NIGERIA – Lagos State has announced plans to commission Sub-Saharan Africa’s largest food logistics hub in Ketu-Ereyun, Epe, a facility integrating cold storage, dry warehousing, processing and repackaging centres, capable of handling 1.5 million metric tonnes of food annually while activating a ₦500 billion (approximately US$303 million) Offtake Guarantee Fund.
The Lagos Central Food Systems and Logistics Hub addresses a critical gap in Nigeria’s food value chain: the absence of organised aggregation points and standardised packaging infrastructure.
Commissioner for Agriculture and Food Systems, Abisola Olusanya, explained that Lagos grapples with supply chain disruptions, rising transportation costs, poor storage infrastructure, and huge post-harvest losses due to its dependence on food supplies from outside the state.
Packaging at the Core of Food Preservation
Post-harvest losses in Nigeria are estimated at 30-50 percent for perishable crops.
The hub’s repackaging centres are designed to address a fundamental packaging failure: food arriving from multiple smallholder farms in varied, non-standardised containers must be sorted, cleaned, and repackaged into uniform, market-ready packaging, graded cartons, sealed bags, or portioned trays, before distribution to retailers and food service operators.
For Lagos’s food system, this packaging standardisation is not cosmetic; it determines shelf life, transportability, and consumer trust.
Logistics as the Backbone of Food Security
The facility can accommodate over 1,500 trucks daily and features cold and dry storage facilities, warehouses, aggregation points, truck parks, and quality control laboratories.

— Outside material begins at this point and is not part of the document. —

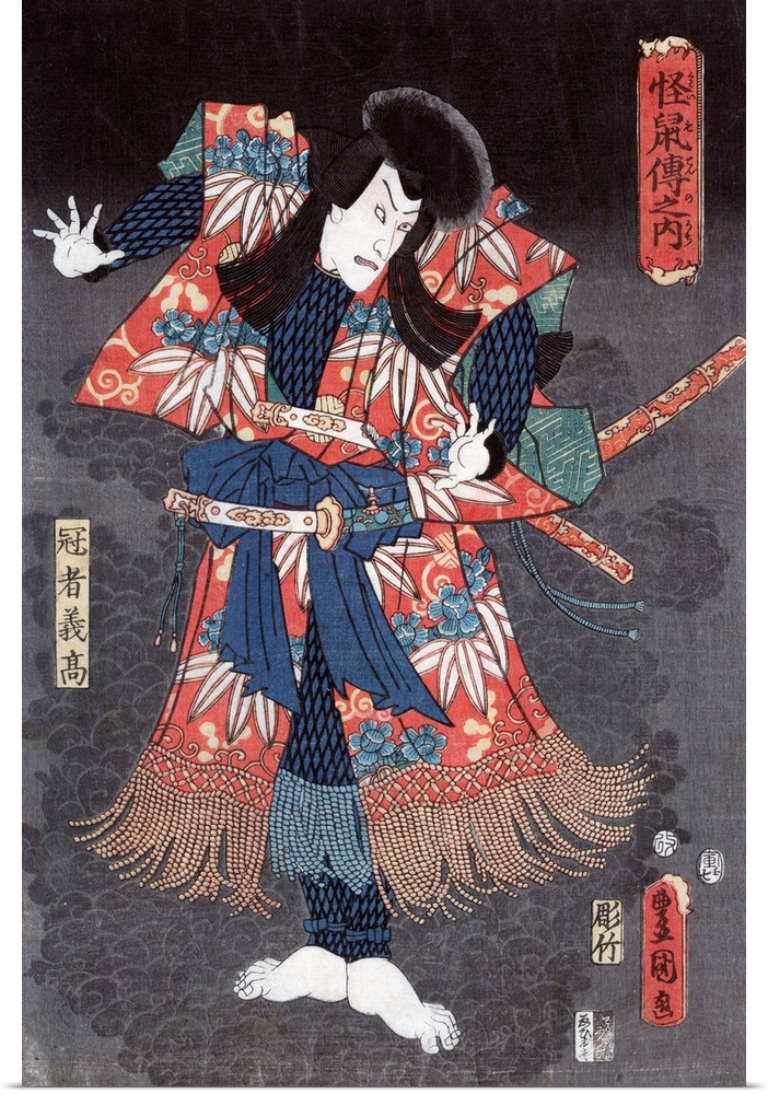 <p>Utagawa, Toyokuni, 1786-1865. Takizawa, Bakin, 1767-1848. Hachidaime ichikawa danjuro kaja yoshitaka. Date Created/Published: 1854. Color woodblock print; 36.8 x 24.8 cm. Full-length portrait of the actor Ichikawa Danj-ro VIII in a scene from the play Raigo ajari kaisoden.</p>

The cold storage component preserves perishables; the digital trading platform adds price transparency, reducing the information asymmetry that often leaves farmers at the mercy of intermediary traders.
For logistics providers, the hub consolidates fragmented supply chains, allowing fuller truckloads, optimised routes, and reduced empty backhauls.
The Offtake Guarantee Mechanism
The ₦500 billion Offtake Guarantee Fund activates a guaranteed market for farmers, protecting them from price collapse while creating a predictable demand signal that farmers outside the state can plan around.
Olusanya stated that the first phase is scheduled for commissioning this year, marking a major turning point in Lagos State’s food systems transformation journey.
By aggregating demand at scale, the hub enables bulk purchasing of packaging materials, corrugated boxes, liners, labels, reducing per-unit costs that smaller distributors cannot achieve individually.